Also try shooting right handed but using your left eye, turning your head slightly to the right.

:smt071


----------



## fasride

*That's a lot of good information*

Thanks for your prompt reply, Cougertex. I was using the pad of my shooting finger originally and was advised to try placing the trigger at the joint instead. I have not shot enough since to see if that will help. If I am pulling in a crooked manner, do you know which way I need to move my finger to avoid the left throw?

Thanks,
Jerry


----------



## cougartex

As suggested, try at the joint of the finger, moving the finger more to the left (placing more of the finger on the trigger) and pulling straight back.


----------



## Sully2

Wear some sort of shooting glasses and put a strip of black electrical tape over your left lens...just enough so your eye cant see the target.
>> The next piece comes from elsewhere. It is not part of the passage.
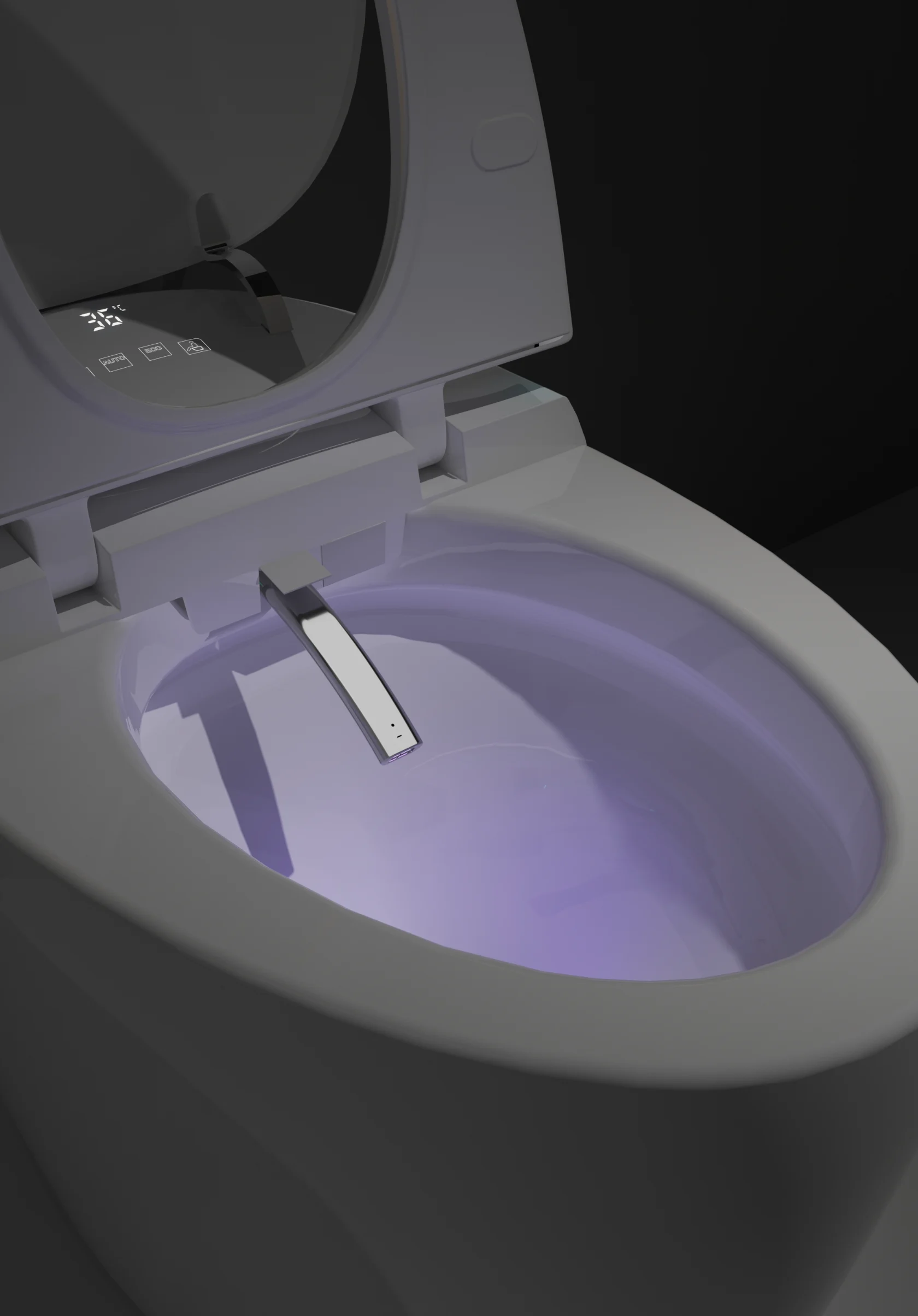 UV svetlo eliminiše čak 99.9% bakterija sa površina u kontaktu s vodom i telom. Sterilizacija se pokreće automatski po završetku korišćenja i ne zahteva nikakvu dodatnu akciju korisnika.

It wont take long till you see whether its your eye(s) or your trigger work.


----------



## Baldy

Here's a chart that might help you out a little also. :smt023


----------



## fasride

*I adjusted my trigger finger*

Thanks for all of the good suggestions.

I went to the range this morning with the intention of moving my trigger finger closer to the joint and I did.

First 5 shots at 3 yds. ..all center x's 
15 shots at 7 yds. all x's and 10's, none to the left of the 9'oclock 10 line
10 shots at 15 yds. x's, 10's and three 9's....one 9 at 8 o'clock and 2 at 3 o'clock.

It was a vast improvement from the targets that had all shots to the left of center before. Just have to concentrate better to get rid of the 9's.

Thanks again for everyone's advice.

Jerry


----------